8. Les créances relatives à des cotisations de taxe d’habitation et de contribution audiovisuelle établies au titre des années 2013 et 2014, mises en recouvrement respectivement le 31 octobre 2013 et le 30 septembre 2014, ont fait l’objet d’une mise en demeure de payer en date du 14 décembre 2016 et d’un avis à tiers détenteur du 27 septembre 2018. Enfin, la créance relative à une cotisation de taxe foncière établie au titre de l’année 2014 et mise en recouvrement le 31 août 2014 a également fait l’objet d’une mise en demeure de payer en date du 14 décembre 2016 et d’un avis à tiers détenteur du 27 septembre 2018.
9. Il ressort de l’instruction et notamment des accusés de réception produits par l’administration que ces actes de poursuite, qui faisaient mention des voies et délais de recours, ont été régulièrement notifiés à M. B. Il en résulte que ces actes ont régulièrement interrompu le cours de la prescription de l’action en recouvrement du comptable public de sorte, qu’à la date du 10 août 2021, les créances concernées par la saisie à tiers détenteur litigieuse n’étaient pas atteintes par la prescription de l’action en recouvrement. Par suite, et sans qu’il soit nécessaire de statuer sur sa recevabilité, un tel moyen doit être écarté comme non fondé.

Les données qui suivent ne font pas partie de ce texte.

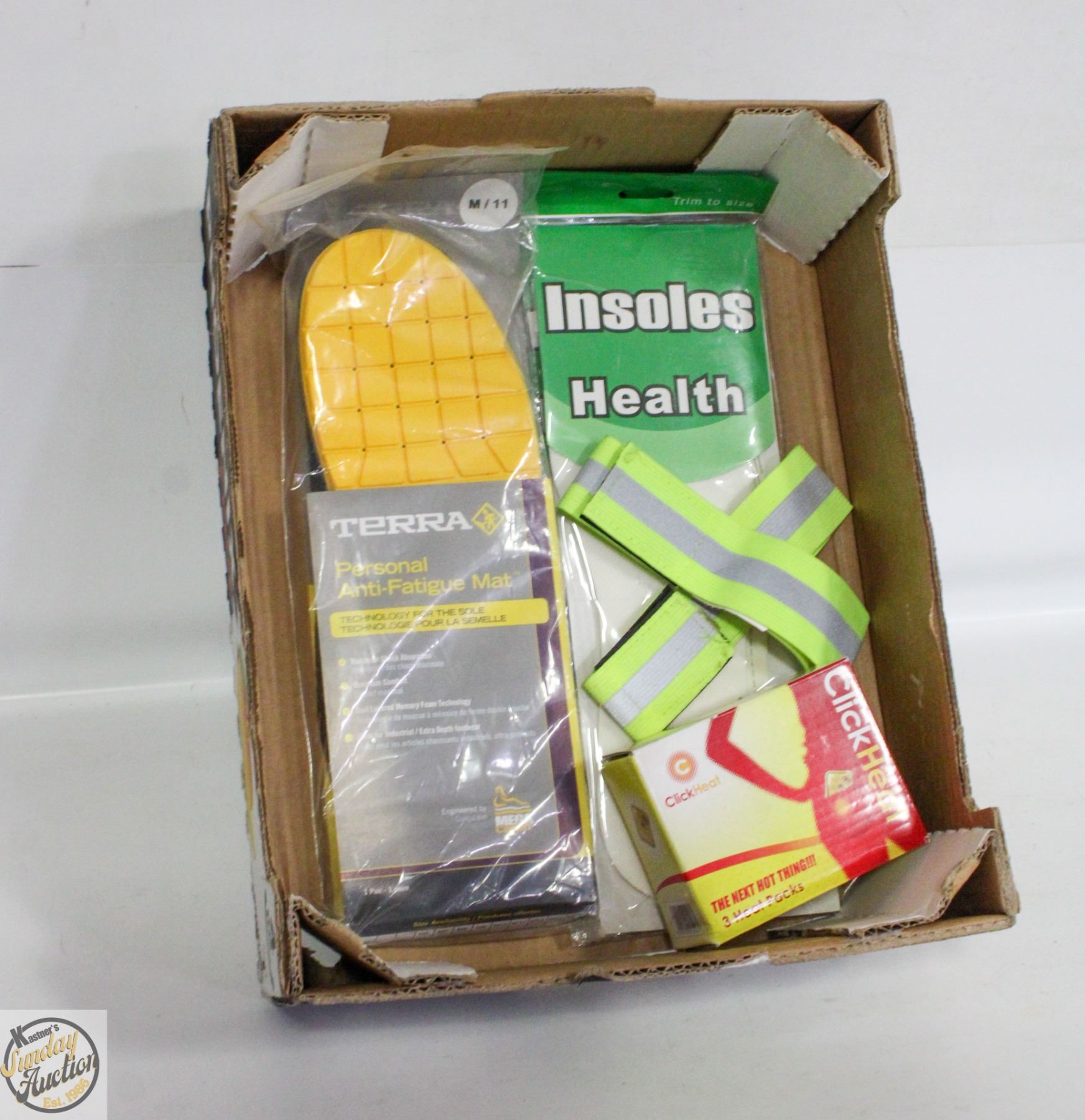 MAT INDUSTRIAL INSOLES (SIZE M / 11), 2 HIGH-VIS ANKLE STRAPS, 2 SETS OF TRIM-TO-SIZE INSOLES FOR LADIES OR MEN, AND BOX OF CLICK HEAT PACKS **ALL ITEMS MUST BE REMOVED BY 5PM SATURDAY, NOVEMBER 29TH 2025. ALL REMAINING ITEMS WILL BE SUBJECT TO A $6.00 PER DAY STORAGE CHARGE. ANY ITEMS REMAINING AFTER MONDAY, DECEMBER 15TH 2025 WILL BE CONSIDERED FORFEITED. NO REFUNDS WILL BE ISSUED FOR FORFEITED ITEMS. TO SCHEDULE A PICK UP APPOINTMENT CLICK HERE

10. Il résulte de tout ce qui précède que M. B n’est pas fondé à demander d’une part, l’annulation de la décision de rejet de son opposition à poursuite en date du 4 novembre 2021 ainsi que d’autre part, la décharge de l’obligation de payer la somme totale de 298 069,25 euros concernée par la saisie à tiers détenteur du 10 août 2021. Ses conclusions présentées sur le fondement de l’article L. 761-1 du code de justice administrative doivent être rejetées par voie de conséquence ainsi qu’en tout état de cause, celles relatives aux entiers dépens.
D E C I D E :
Article 1er : La requête de M. B est rejetée.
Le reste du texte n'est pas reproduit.